--- Data extract ---

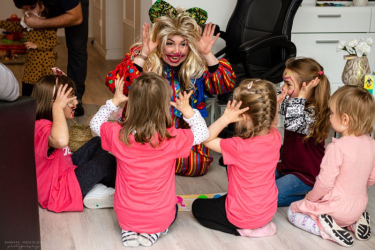Die Leiterin der Akademie, Weronika Lubezna Gruba, verkleidet sich als Clown, der die Jüngsten unterhält, während ihre Eltern den Schweiß wegwerfen.
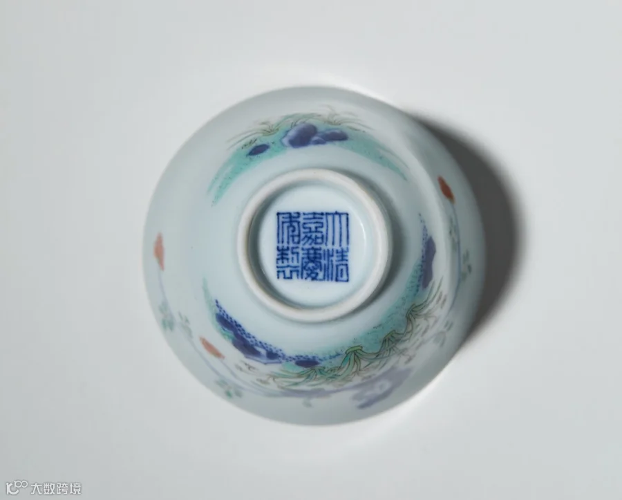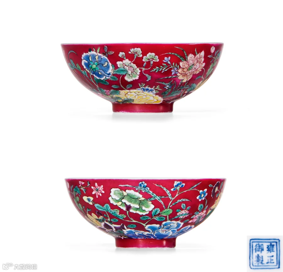 拍品造型源自明代茶钟,成化至嘉万时皆有所见,明清时期口径为九公分左右的小碗统称茶钟或小茶圆,由尺寸规定可知其原来用途。侈口弧壁,隽秀娇巧。胎体细薄坚致,内壁施白釉,温润莹美。外壁敷施胭脂红彩为地,色泽匀净浓妍,以诸色珐琅彩绘菊花、秋葵、芙蓉、秋海棠等九种秋季花卉,构成九秋图,寓意“九秋同庆”。间以绿彩和墨彩填绘勾描花叶、叶脉,风姿绰约,斑斓绚丽,花蕊、花心点画精细,侧视隐隐隆起,富有立体感,其中墨绿一色极为凝厚鲜亮,翠韵悠然,为后世所不及。碗底青花书“雍正御制”四字仿宋楷书款,外加双方框,亦与康熙朝形制一样,显然为雍正早期作品。
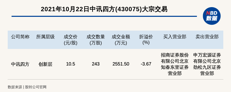 每经AI快讯,2021年10月22日,新三板创新层公司中讯四方(430075)发生一笔大宗交易,成交价10.5元/股,成交数量243万股,成交金额2551.50万元,折价3.67%。买入营业部是招商证券股份有限公司北京知春东里证券营业部,卖出营业部是申万宏源证券有限公司北京劲松九区证券营业部。
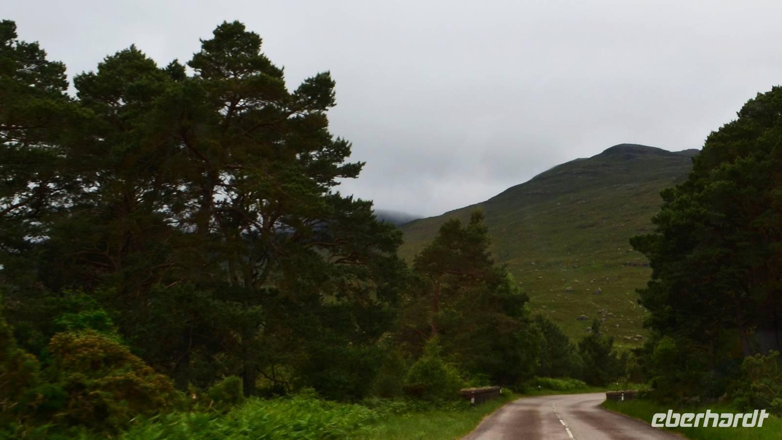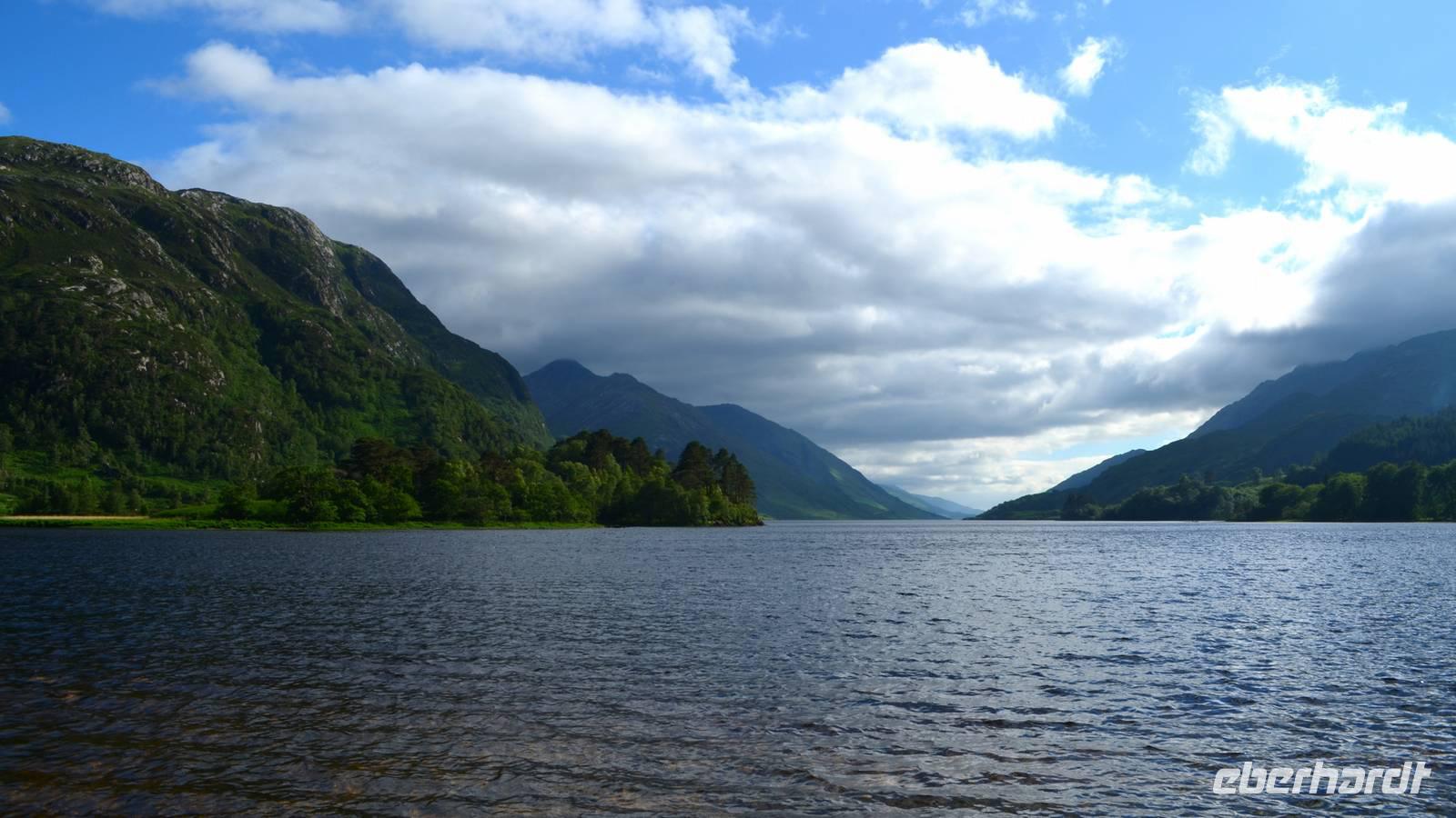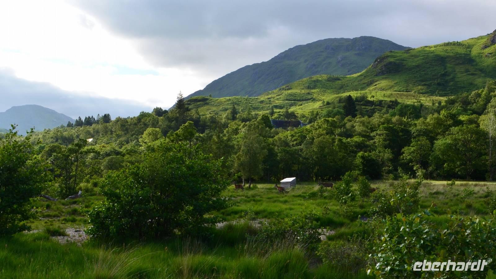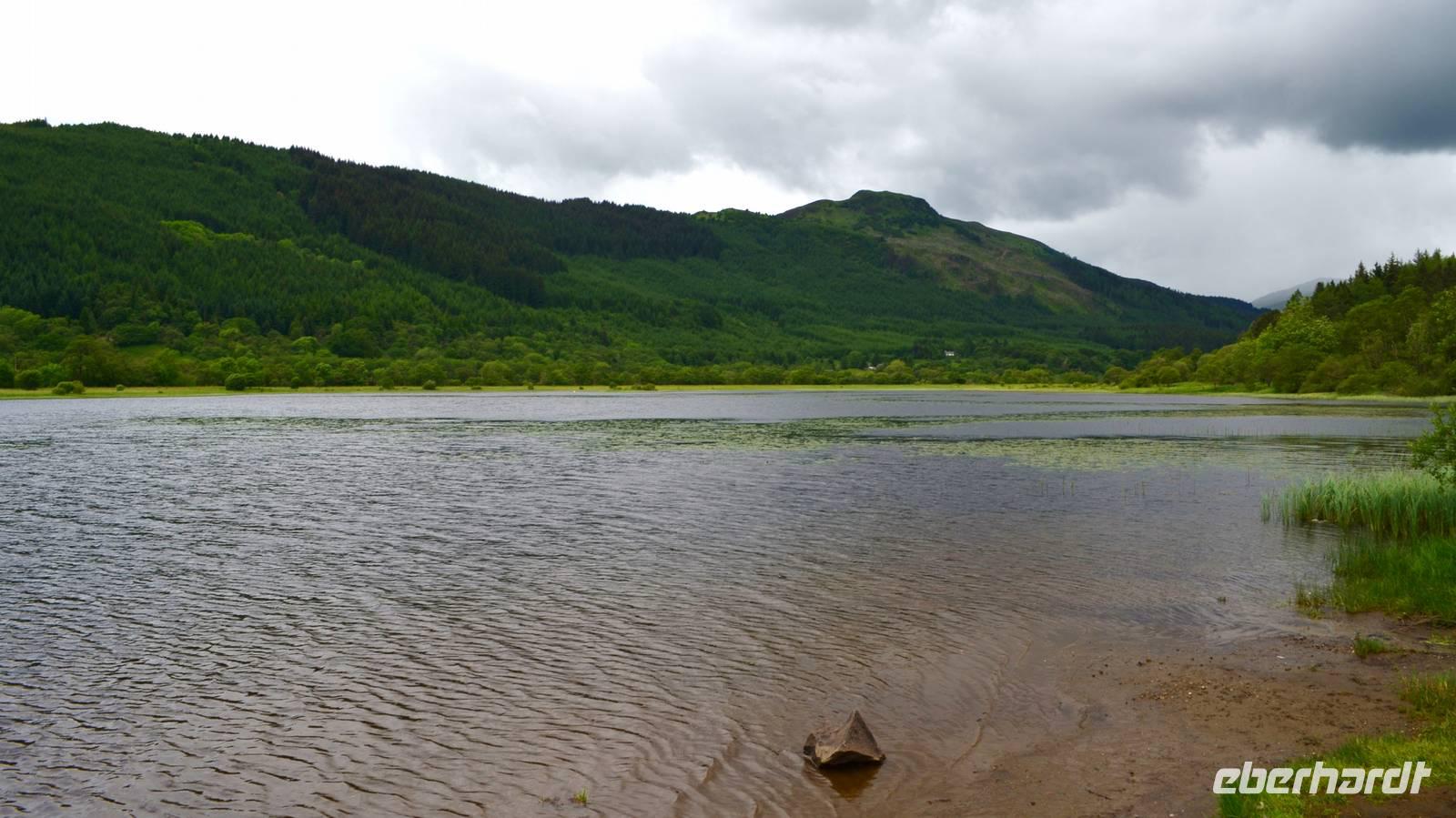 Unten am See dann das Nationalparkcenter „Beinn Eight". Herrliche Seeblicke bieten sich, nur der Berg Slioch (980 m) versteckt sich in den Wolken.

---

Your objective
Please copy, exactly and only, the lines of the listing that run from the one holding "拍品造型源自明代茶钟,成化至" through its last line, and exclude pictures.

Answer
 拍品造型源自明代茶钟,成化至嘉万时皆有所见,明清时期口径为九公分左右的小碗统称茶钟或小茶圆,由尺寸规定可知其原来用途。侈口弧壁,隽秀娇巧。胎体细薄坚致,内壁施白釉,温润莹美。外壁敷施胭脂红彩为地,色泽匀净浓妍,以诸色珐琅彩绘菊花、秋葵、芙蓉、秋海棠等九种秋季花卉,构成九秋图,寓意“九秋同庆”。间以绿彩和墨彩填绘勾描花叶、叶脉,风姿绰约,斑斓绚丽,花蕊、花心点画精细,侧视隐隐隆起,富有立体感,其中墨绿一色极为凝厚鲜亮,翠韵悠然,为后世所不及。碗底青花书“雍正御制”四字仿宋楷书款,外加双方框,亦与康熙朝形制一样,显然为雍正早期作品。
 每经AI快讯,2021年10月22日,新三板创新层公司中讯四方(430075)发生一笔大宗交易,成交价10.5元/股,成交数量243万股,成交金额2551.50万元,折价3.67%。买入营业部是招商证券股份有限公司北京知春东里证券营业部,卖出营业部是申万宏源证券有限公司北京劲松九区证券营业部。
 Unten am See dann das Nationalparkcenter „Beinn Eight". Herrliche Seeblicke bieten sich, nur der Berg Slioch (980 m) versteckt sich in den Wolken.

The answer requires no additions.